I finally found a ‘best beer’ list I can endorse

MONDAY BEER LINKS, MUSING 01.12.15

Wasted: How the craft-beer movement abandoned Jim Koch (and his beloved Sam Adams).
Sam Adams and Why We Need To Stop Listening to Hipsters.
What’s the difference between craft beer snobs and Kopparberg drinkers?
BREAKING NEWS: Jim Koch talks shit on emerging breweries, gets the Heisman by a Hobo Lord.
The drift from the Pangaea of craft beer.
Andy Crouch’s profile of Jim Koch proved quite a way to start the year, didn’t it? His four thousand words were followed by maybe hundreds of thousands more. In blogs. On Twitter and Facebook. On discussions boards. So four of the more interesting followups are listed here. I have nothing to add. You are welcome.

The ghosts of brewing past, present and future.
Don’t know how many of all those words you waded through, but it might be time to rest your eyes with these lovely old photos. Extra credit for the succinct prose. [Via SC Times]

The Definitive ‘Best Beer of 2014′ List. Really. Kind of.
The Internet is a very good place when you can ask a question you are too lazy to answer yourself and somebody else is willing to do the work — apparently Bryan Roth enjoys this number crunching. I know this is not consistent with my feud with lists, but consistency is overrated. [Via This is Why I’m Drunk]

Is winemaking an art or science?
Terroir has so far eluded science. But that may be about to change. And many places will be avidly watching this science. As climate change plays havoc with existing wine growing regions, new contenders to the wine industry – such as China – will stand to gain from demystifying the secrets of fine wine.” I love firm answers about why the [fill in the blank – grapes, hops, barley] grown here don’t taste like the [fill in the blank] grown there, but I’ve become comfortable with the idea that there is also something about place that is not so easily explained. [Via COSMOS]

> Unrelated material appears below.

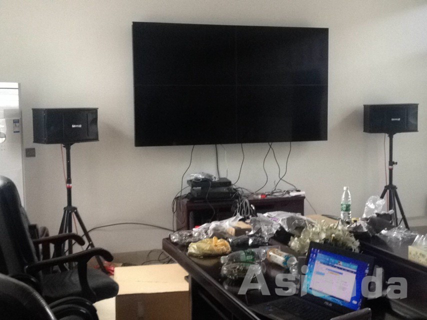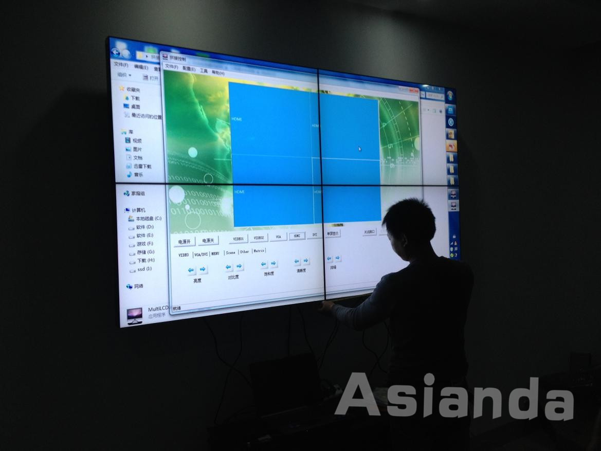46寸超窄边拼接,2*2液晶大屏拼接,支架式安装。
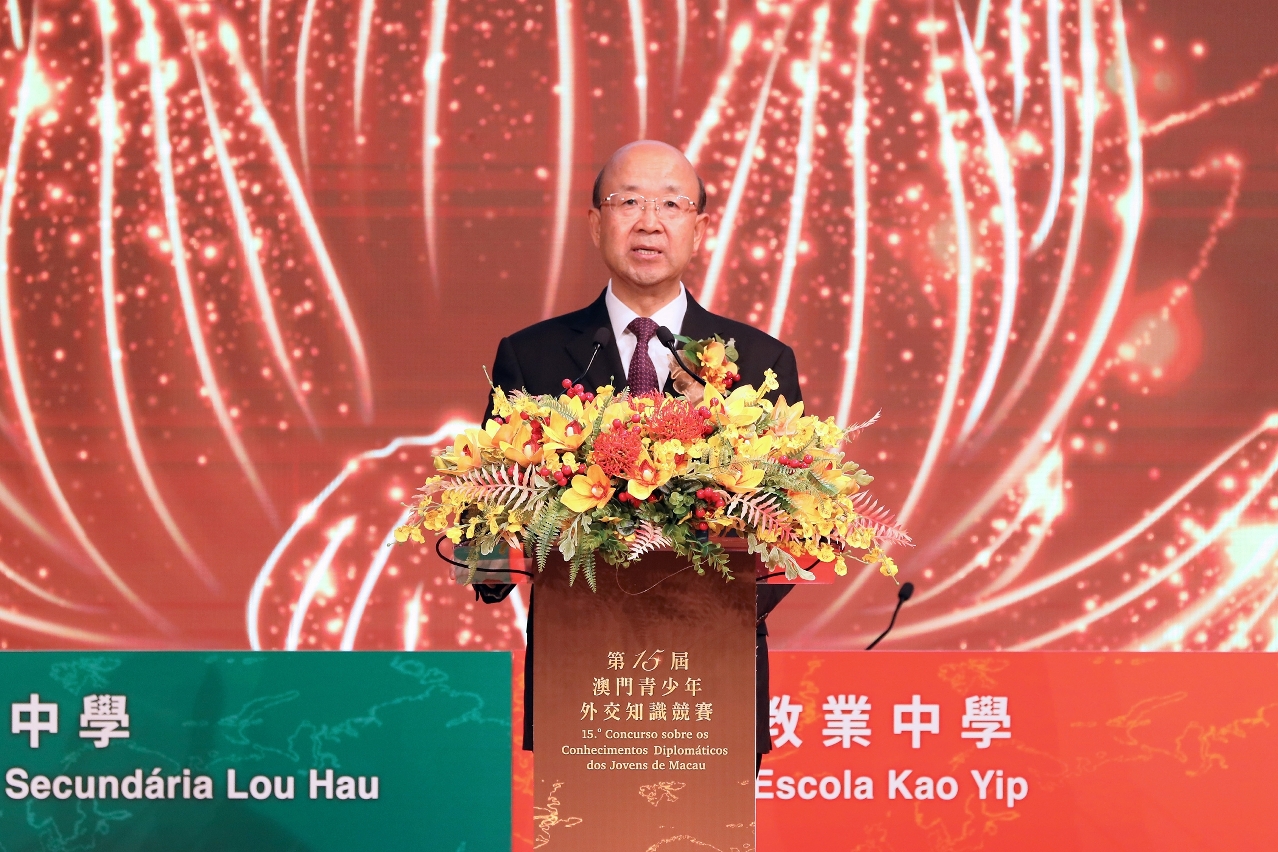 颁奖礼上,外交公署特派员刘显法致辞时表示,澳门青少年外交知识竞赛已走过15个年头,澳门青年外交素养和国际视野不断强化提升,一直以来,外交公署持续深入践行外交为民、外交惠澳理念,坚定维护国家安全和特区稳定,积极支持特区政府扩大对外交流合作,全力保障澳门同胞海外权益。刘显法特派员还勉励澳门青年要增强家国情怀,把人生理想与国家命运紧紧相连,增强奋斗情怀,用顽强拼搏精神点亮青春梦想,增强天下情怀,做人类命运共同体理念的坚定践行者,树立自信自立开展对外交往的志气与底气,勇于开拓、勇攀高峰,共创祖国和澳门更加美好未来,为澳门经济适度多元发展和粤港澳大湾区、横琴粤澳深合区建设贡献智慧和力量。

This Beer Algorithm Will Select Your Next Glass.
I wrote this story, but even if I hadn’t I would have linked to it anyway. It’s going to be a battle for these guys to keep their database up to date with all the beers that are out there — in fact, they surely won’t. But their approach is what interests me. Analyzing beers using a liquid chromatography mass spectrometer eliminates a giant wild card — that people perceive odor compounds differently. That’s why you might suggest I’ll like such-and-such beer because of a orange marmalade aroma you smell, only to see me turn up my nose when all I smell is cat piss. [Via All About Beer]

How much are words worth?
Following up on The Session #95 (beer books) and the Craft Writing: Beer, The Digital, and Craft Culture conference almost a year ago in Kentucky with a reality check about the writing business. Here’s a numbing examination of what magazines pay for the words within them: “The total market for long form journalism in major magazines in America is approximately $3.6 million. To put it another way: the collective body of writers earned less than Butch Jones, a relatively unknown college football coach, earned in a single year.” [Via Scott Carney, h/T jimromenesko.com]

* Note: Scott Carney has followed up on that post with one called “Crowdsourcing Journalism Rates” and puts this database online.